All results presented **must** have corresponding code. Any answers/results given without the corresponding R code that generated the result will be considered absent. All code reported in your final project document should work properly. Please bear in mind that **you will lose points** for the following:
+ an R-code chunk with no comments
+ results without corresponding R code
+ extraneous code which does not contribute to the question
+ printing out the entire data table
For this project, you will work with a dataset was extracted from the 1974 *Motor Trend* US magazine. It contains information about fuel consumption and 10 aspects of automobile design and performance for 32 automobiles.
```{r}
head(mtcars)
```
The column contents are as follows:
+ **mpg**: miles per US gallon.
+ **cyl**: number of cylinders.
+ **disp**: displacement (cubic inches).
+ **hp**: gross horsepower.
+ **drat**: rear axle ratio.
+ **wt**: weight (1000 lbs).
+ **qsec**: 1/4 mile time.
+ **vs**: engine (0 = V-shaped, 1 = straight).

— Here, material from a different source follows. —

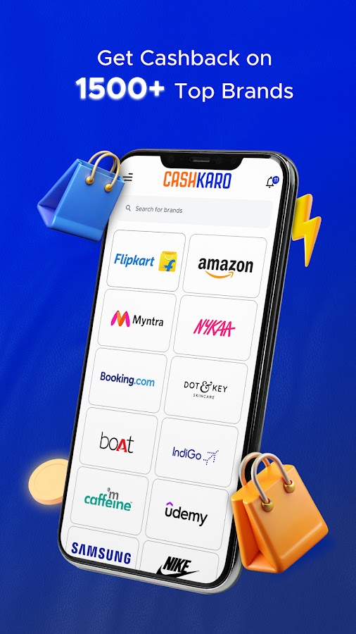 Загрузите CashKaro и получите до 50 % кэшбэка для более чем 1500 брендов через приложение Cashback №1 в Индии и переведите его в свой банк.

+ **am**: transmission (0 = automatic, 1 = manual).
+ **gear**: number of forward gears.
+ **carb**: number of carbuerators.
### Problems
**Problem 1: (20 points)**
Make a logistic regression model that predicts transmission type (`am`) from gross horsepower (`hp`) and miles per galon (`mpg`). Make another logistic regression model that also predicts transmission type from gross horsepower alone. Show the summary (using `summary`) of each model below. Make a plot with two ROC curves, and explain which model better predicts transmission type. For this analysis, use the entire dataset as training data, and do not evaluate the mode on test data.
```{r}
# R code goes here
```
*Your answer goes here.*
**Problem 2: (40 points)**
We have now divided the `mtcars` dataset into a training and a test data set (`train_data` and `test_data`):
```{r}
train_fraction <- 0.5 # fraction of data for training purposes
set.seed(123) # set the seed to make the partition reproductible
train_size <- floor(train_fraction * nrow(mtcars)) # number of observations in training set
train_indices <- sample(1:nrow(mtcars), size = train_size)
train_data <- mtcars[train_indices, ] # get training data
test_data <- mtcars[-train_indices, ] # get test data
```
Fit a logistic regression model to predict transimission type on the training data set. Use the predictors `hp` and `mpg` to predict transimission type (`am`). Your code should be appropriately commented with high-level statements about the code's function. Using your model, predict the outcome on the test data set, and plot and discuss your results.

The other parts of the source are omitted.